2. Basic Components of METplus Python Wrappers

2.1. Class Hierarchy

CommandBuilder is the parent class of all METplus wrappers. Every wrapper is a subclass of CommandBuilder or a subclass of CommandBuilder. CommandBuilder contains instance variables that are common to every wrapper, such as config (METplusConfig object), errors (a counter of the number of errors that have occurred in the wrapper), and c_dict (a dictionary containing common information). CommandBuilder also contains use class functions that can be called within each wrapper, such as create_c_dict, clear, and find_data.

RuntimeFreqWrapper is a subclass of CommandBuilder that contains all of the logic to handle time looping. See Runtime Frequency for more information on time looping. Unless a wrapper is very basic and does not need to loop over time, then the wrapper should inherit directly or indirectly from RuntimeFreqWrapper.

LoopTimesWrapper is a subclass of RuntimeFreqWrapper.
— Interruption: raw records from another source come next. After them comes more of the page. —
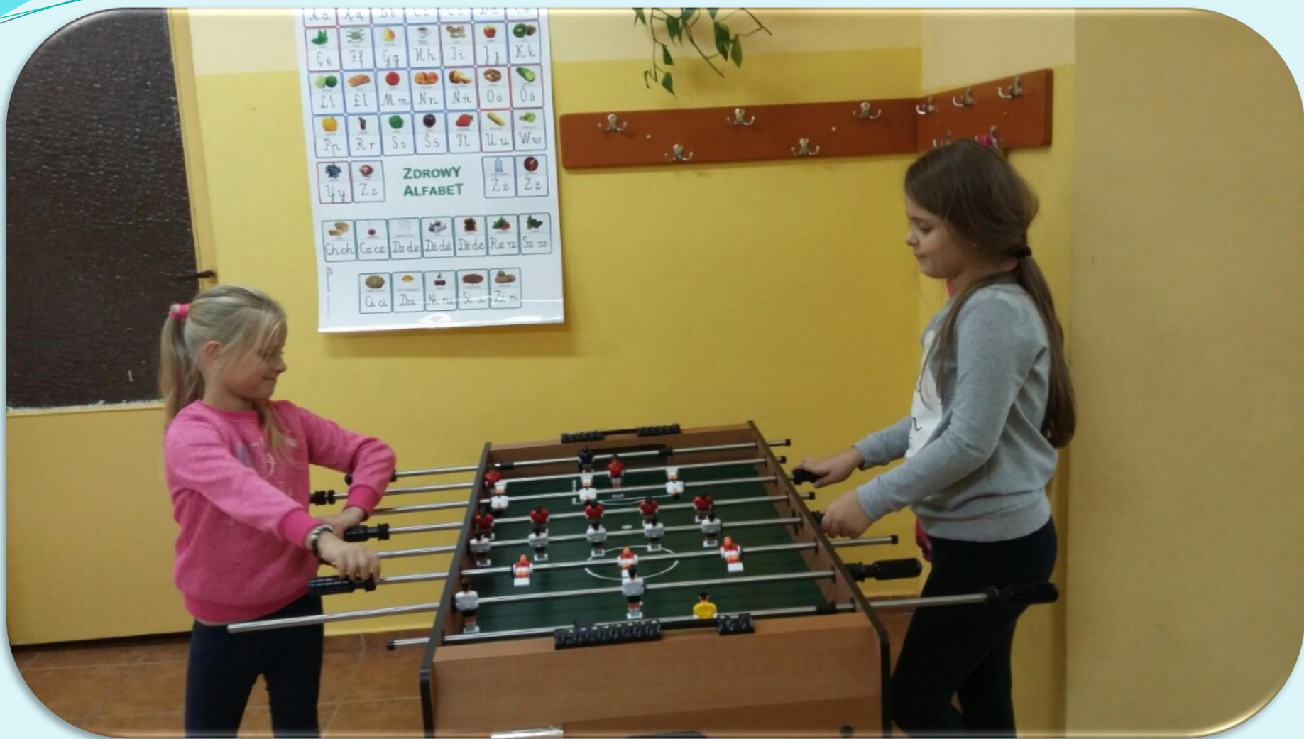
Zajęcia pierwszoklasistów w świetlicy szkolnej.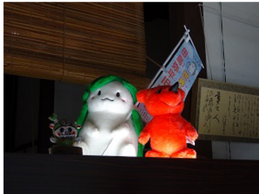
田島弥平旧宅PRキャラクター「くわまる」 といっしょにほっこり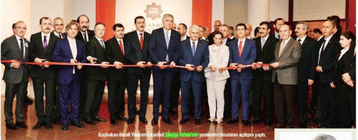
Başbakan Binali Yıldırım İstanbul Sanayi Odası'nın yenilenen binasının açılışını yaptı.

Başbakan Yıldırım, faiz oranlarıyla ilgili olarak bankaları uyardı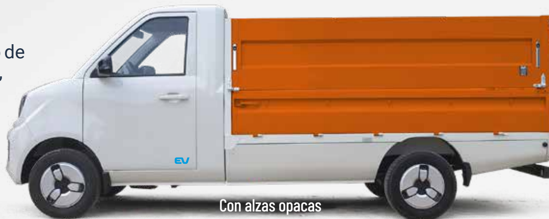
Con alzas opacas

Configurable. El Q21EV es un vehículo polivalente y carrozable como todos los modelos de nuestra gama.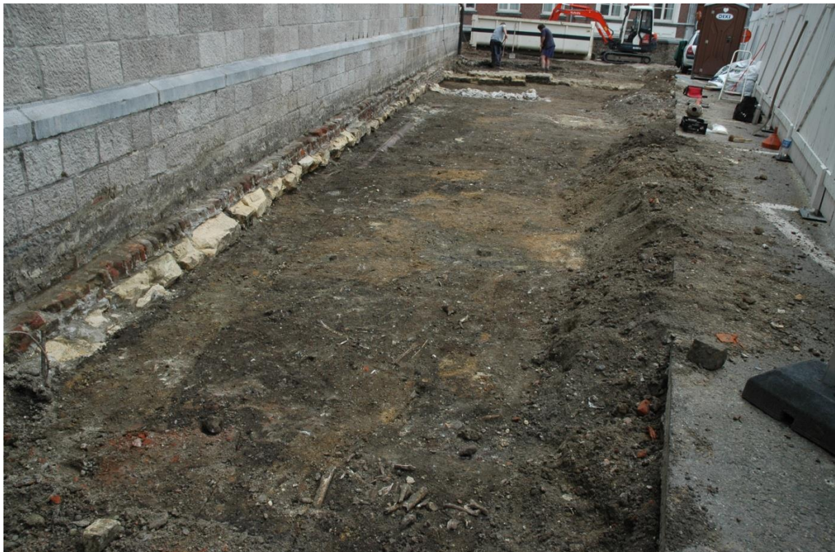
Fig. 2: zicht op de werkzone.

Langs de noordzijde van de kerk werd ook het plein heraangelegd. Hierdoor is op deze plaats de volledige bestrating weggehaald met een deel van de verstoorde bovenste laag. Dit was een pakket van ongeveer 30cm dik. Hieronder is het volledige vlak opgekrabd met een truweel. Daarna zijn de sporen ingekrast en zijn zowel het vlak als de afzonderlijke sporen gefotografeerd en ingetekend op schaal 1/20 (Fig. 2). Vermits de riolering enkel langs de fundering van de kerk zou komen en hier reeds een oudere rioolbuis aanwezig was, is op deze plaats de oude verstoring tot op diepte uitgegraven om zo geen verdere verstoringen in de archeologische sporen te veroorzaken. Voor de aanleg van het plein zou op drie plaatsen een boom geplaatst worden. Deze zijn uitgegraven tot op diepte en ook hier werden de profielen schoongemaakt, ingekrast, gefotografeerd en ingetekend op schaal 1/20.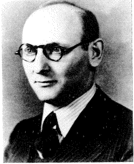
בשביטיונגר כאיש צעיר

כל כפר נידח. צריך היה לדעת כיצד לאסוף אותם. חיפשתי את האמצעים, את השיטות לכך וערכתי לי תוכניות — בלתי־ישומות, פנטסיות, בלתי־בוגרות ויחד עם זה עתיקות כמו רצון היצירה האנושי. הייתי חייב להשיג פת לחם, מיטה ללינת לילה, סבלנות, וכמו כן — דיו ונייר. כל היתר לא היה חשוב.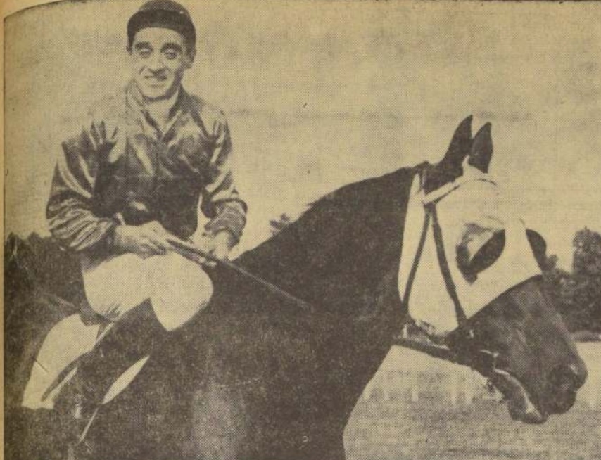
AMBO cumplió una gran faena en Rosaleen, la ganadora de "El Derby". Todos lo elogian su seriedad para avanzar en la reanudación del numeroso grupo y hacerla atropellar cuando ya los punteros habían cedido en sus afanes.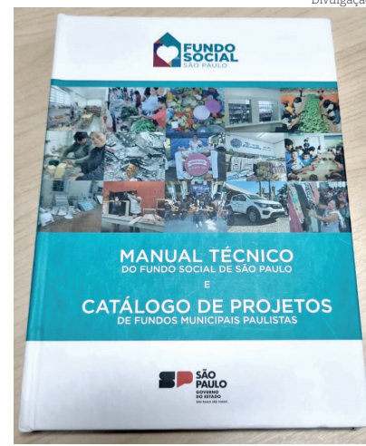
Pinda é um dos 15 municípios que integram o catálogo

Ao longo do primeiro semestre de 2023, o Fundo Social do Estado de São Paulo realizou 16 eventos em todas as regiões paulistas, onde conheceu os projetos desenvolvidos pelos fundos sociais dos municípios, ações eficazes que fomentam o desenvolvimento econômico e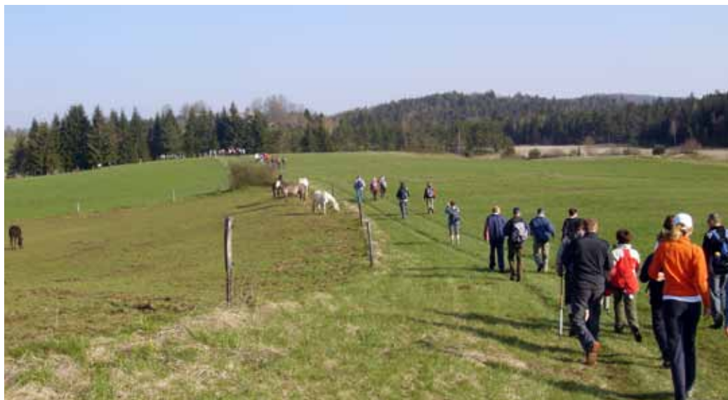
Panorama, da te kap!

bi kraja. Bloške gospodinje pa so ob poti in na cilju pripravile že tradicionalno prodajo domačih pekovskih dobrot. Pohvaliti pa moramo tudi ekipo novskih gasilcev, ki so poskrbeli, da se je promet na dokaj neugodnem parkirišču odvijal normalno in ni prišlo do prometnega infarkta. Vodiči turističnega društva so poskrbeli, da so blie cerkve in druge kulturne znamenitosti ob poti pohodnikom na voljo in ustrezno predstavljene.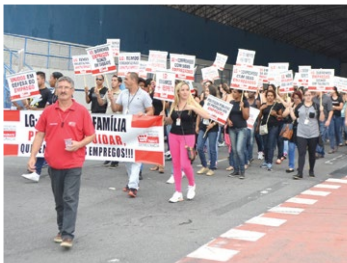
Manifestação passou pela avenida do Povo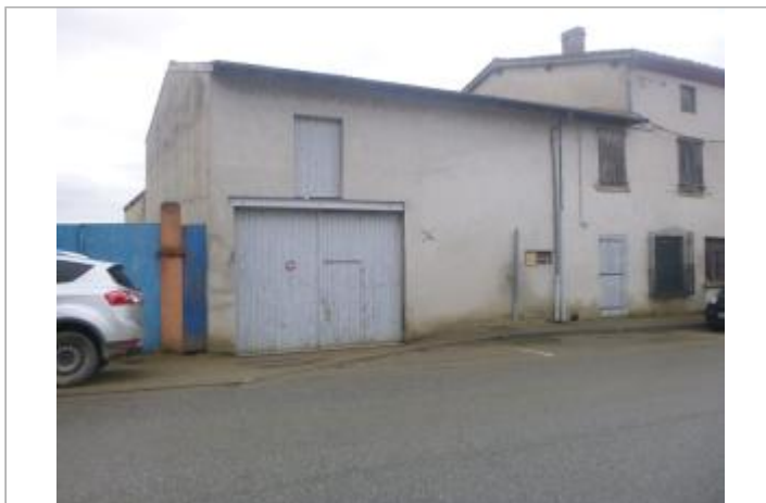
Vue du site, 2024.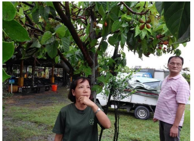
8/9 向日葵農場實地試測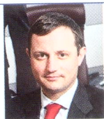
di PIER PAOLO VIANI (SIAV)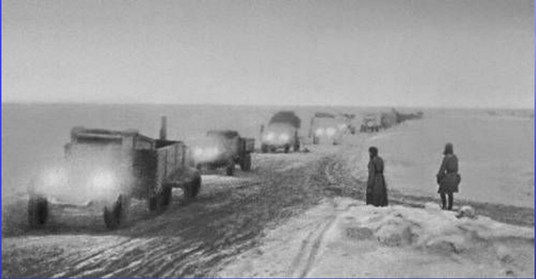
«Дорога жизни» через Ладожское озеро. 1942 г.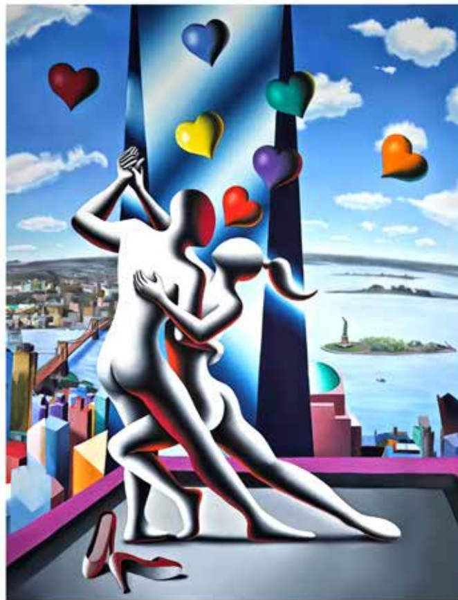
“CITY OF DREAMS” 63x80 CM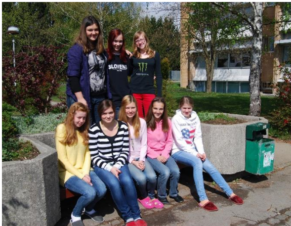
Leta 2012 so raziskovalke osvojile eno zlato in dve srebrni državni priznanji.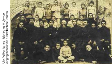
Historische Aufnahmen (hier armenische Waisenkinder im Iran im Jahr 1923) ...

Juli, August Sommeröffnungszeiten Di, Mi, Do 9-12 Uhr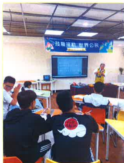
日本職人創作文化說明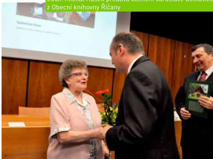
JUDr. Michal Hašek na Slavnostním setkání knihoven obcí Jihomoravského kraje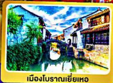
เมืองโบราณเหยี่ยวหอ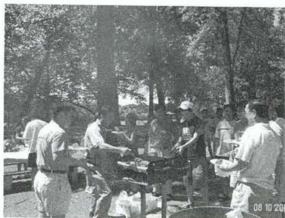
裊裊青煙中昇騰著烤肉的香味。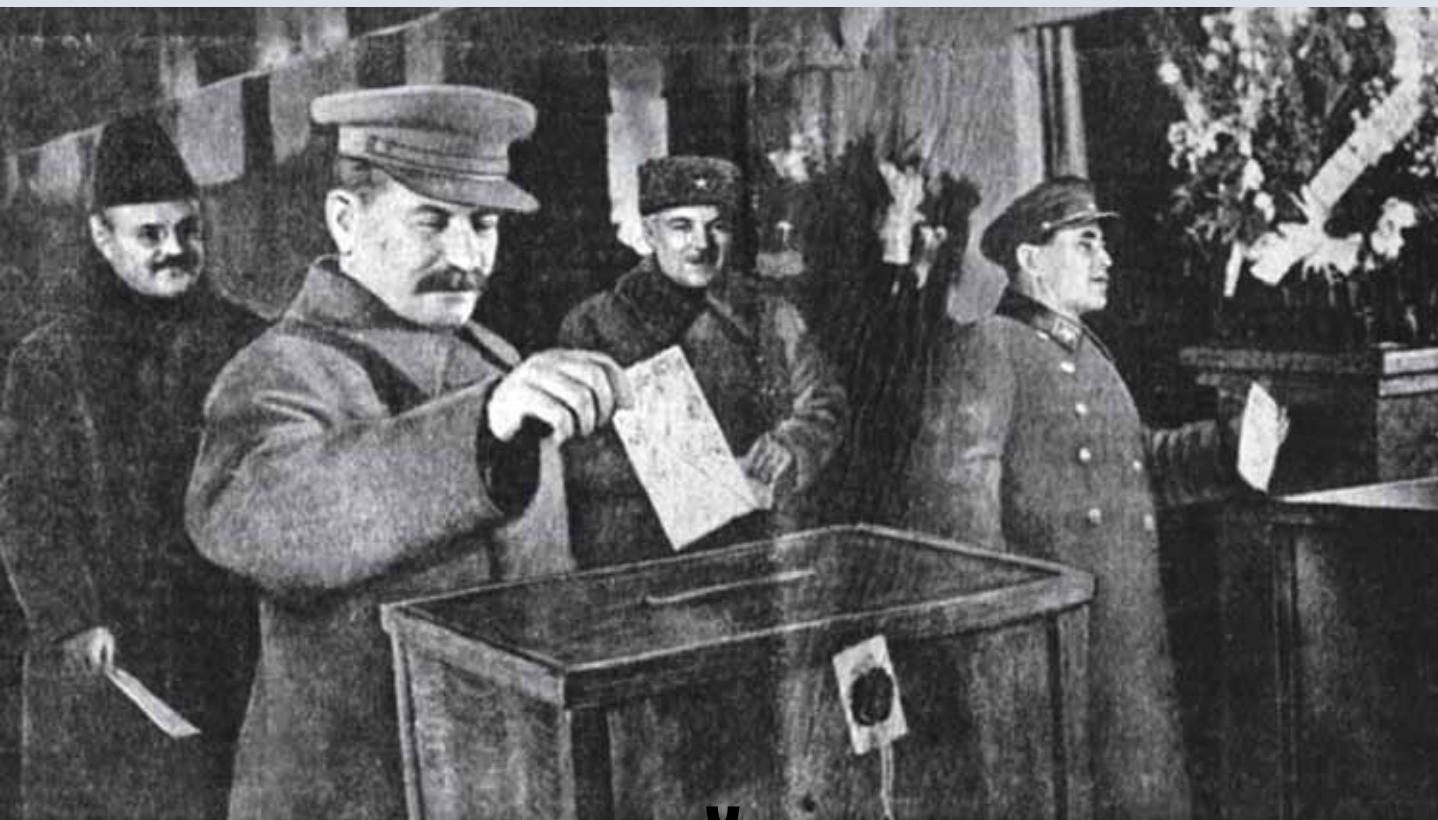
Сталин, Молотов, Ворошилов и Ежов на выборах депутатов Верховного совета СССР, 12 декабря 1937 года.

Пришлось, продолжил вожьд, отложить в сторону и категорию №2 — «такие поправки и дополнения, которые пытаются внести в Конституцию элементы исторических справок или элементы декларации о том, чего еще не добилась советская власть и чего она должна добиться в будущем». Потому что «для этого дела имеются у нас другие пути и другие документы».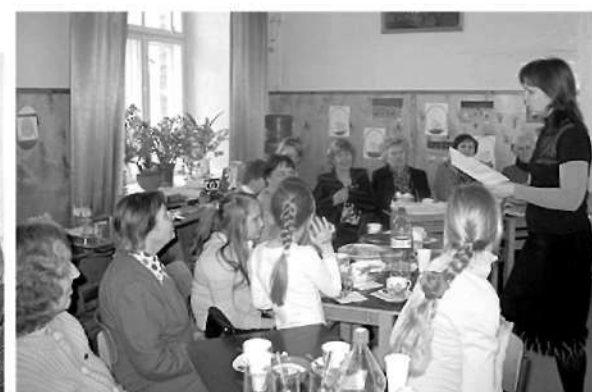
Atjautības uzdevumi risināmi kopā ar mazbērniem.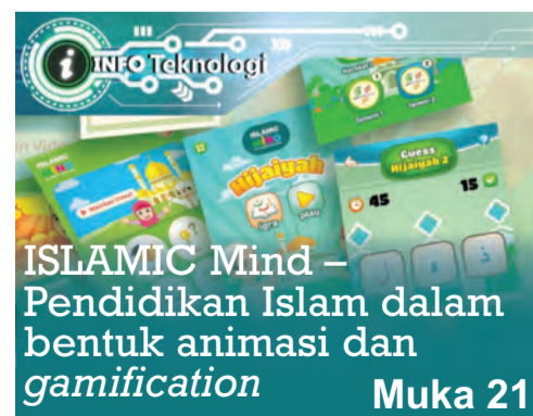
ISLAMIC Mind - Pendidikan Islam dalam bentuk animasi dan gamification Muka 21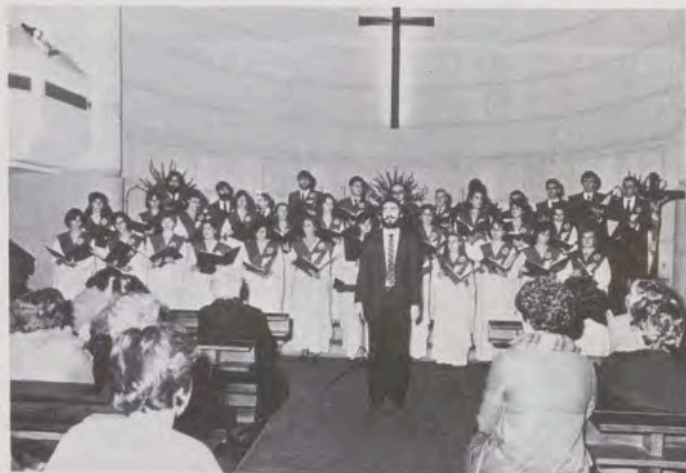
La Coral Santo Tomás de Aquino —a la izquierda— y el Grupo Neocantes —a la derecha— durante los conciertos que ofrecieron en la iglesia del Real Patronato del Buen Suceso.

el Sabio (1230-1284); Pierre Passereau (hacia 1509-1547), Alphonso Lobo (1555-1617), Francisco Guerrero (hacia 1528-1599), Thomas Weelkes (1576-1626) y Antonio Rodríguez de Hita (1724-1787).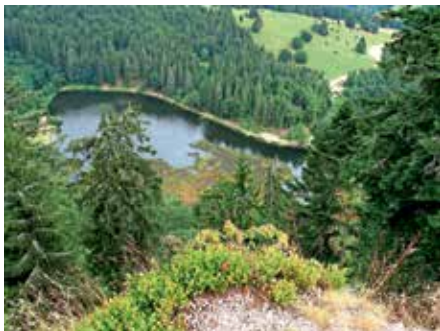
Nonnenmattweiher vom Weiherfelsen

Eine Anmeldung ist nicht erforderlich. Der Eintritt ist frei, um eine Spende wird gebeten.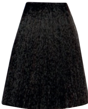
CASTANO CHIARO CENERE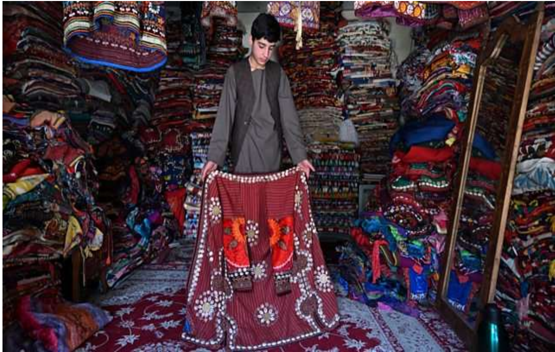
Πωλητής χαλιών στην αγορά της Ακσα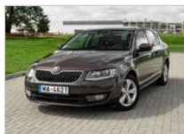
Skoda Octavia 7590 €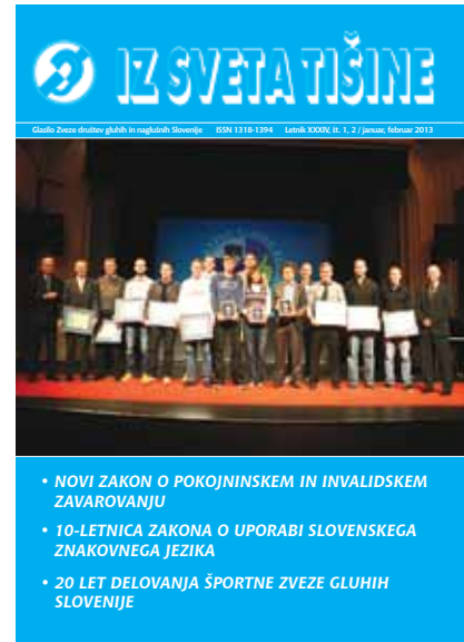
Fotografija na naslovnici: 20-letnica Športne zveze gluhih Slovenije

IZDAJATELJ: Zveza društev gluhih in naglušnih Slovenije, Drenikova 24, Ljubljana, telefon: 01/500 15 00, telefaks: 01/500 15 22 SPLETNA STRAN: www.zveza-gns.si UREDNIK: Adem Jahjefendić, urednistvo.ist@zveza-gns.si UREDNIŠKI ODBOR: Zdenko Tomc, Franci Mulej, Boris Horvat, Nina Janžekovič, Aleksandra Rijavec Škerl, Nataša Kordiš LEKTORICA: Barbara Perc OBLIKOVANJE: Franc Planinc TISK: Farba, grafične storitve d. o. o. Uredništvo si pridržuje pravico do objave, neobjave, krajšanja ali delnega objavljanja nenaročenih prispevkov v skladu s poslanstvom in prostorskimi možnostmi glasila. V posameznih primerih mnenja posameznikov ne izražajo obvezno tudi mnenja ZDGNS. Nenaročenih besedil in fotografij ne vračamo. Ponatis celote ali posameznih delov je dovoljen le s pisnim privoljenjem. Anonimnih prispevkov oziroma prispevkov, ki žalijo čast drugih, ne objavljamo. Glasilo je brezplačno in v javnem interesu, zaradi česar na podlagi 8. točke 26. člena Zakona o davku na dodano vrednost (UL RS št. 89/98) ni zavezano k plačilu DDV-ja. Izhaja v nakladi 3.700 izvodov.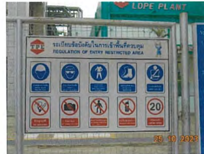
ภาพที่ 2-40 ป้ายเตือนการสวมใส่อุปกรณ์คุ้มครองความปลอดภัยส่วนบุคคล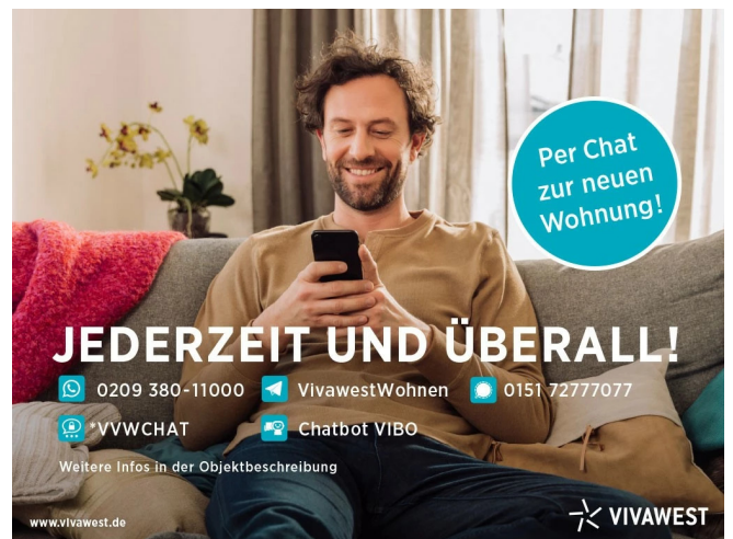
Kontakt per Messenger!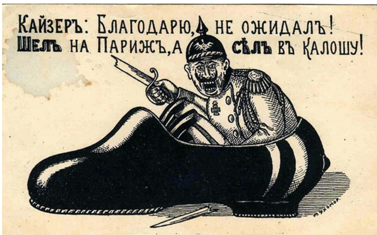
Карикатуры первой мировой войны

Характерной чертой российских карикатур было отображение побед союзников. Карикатура 1914 г. демонстрирует неудачное наступление немцев на Париж. Германия, представленная кайзером Вильгельмом II в образе лисы, получила отпор от французской артиллерии 10 .

This wrapper simply sets the default runtime frequency to RUN_ONCE_FOR_EACH for its subclasses.

CompareGriddedWrapper is a subclass of LoopTimesWrapper that contains functions that are common to multiple wrappers that compare forecast (FCST) and observation (OBS) data. Subclasses of this wrapper include GridStatWrapper, PointStatWrapper, EnsembleStatWrapper, MODEWrapper, and MTDWrapper.

MTDWrapper in an exception from the rest of the CompareGriddeWrapper subclasses because it typically runs once for each init or valid time and reads and processes all forecast leads at once. This wrapper inherits from CompareGriddedWrapper because it still uses many of its functions.

2.2. Class Variables

2.2.1. RUNTIME_FREQ_DEFAULT

Wrappers that inherit from RuntimeFreqWrapper should include a class variable called RUNTIME_FREQ_DEFAULT that lists the default runtime frequency that should be used if it is not explicitly defined in the METplus configuration.

Example:

RUNTIME_FREQ_DEFAULT = 'RUN_ONCE_FOR_EACH'

If no clear default value exists, then None can be set in place of a string. This means that a use case will report an error if the frequency is not defined in the METplus configuration file. The UserScriptWrapper wrapper is an example:

RUNTIME_FREQ_DEFAULT = None

2.2.2. RUNTIME_FREQ_SUPPORTED

Wrappers that inherit from RuntimeFreqWrapper should include a class variable called RUNTIME_FREQ_SUPPORTED that defines a list of the runtime frequency settings that are supported by the wrapper. Example:

RUNTIME_FREQ_SUPPORTED = ['RUN_ONCE_PER_INIT_OR_VALID']

If all runtime frequency values are supported by the wrapper, then the string ‘ALL’ can be set instead of a list of strings:

RUNTIME_FREQ_SUPPORTED = 'ALL'

2.2.3. WRAPPER_ENV_VAR_KEYS

This class variable lists all of the environment variables that are set by the wrapper. These variables are typically referenced in the wrapped MET config file for the tool and are named with a METPLUS_ prefix. All of the variables that are referenced in the wrapped MET config file must be listed here so that they will always be set to prevent an error when MET reads the config file. An empty string will be set if they are not set to another value by the wrapper.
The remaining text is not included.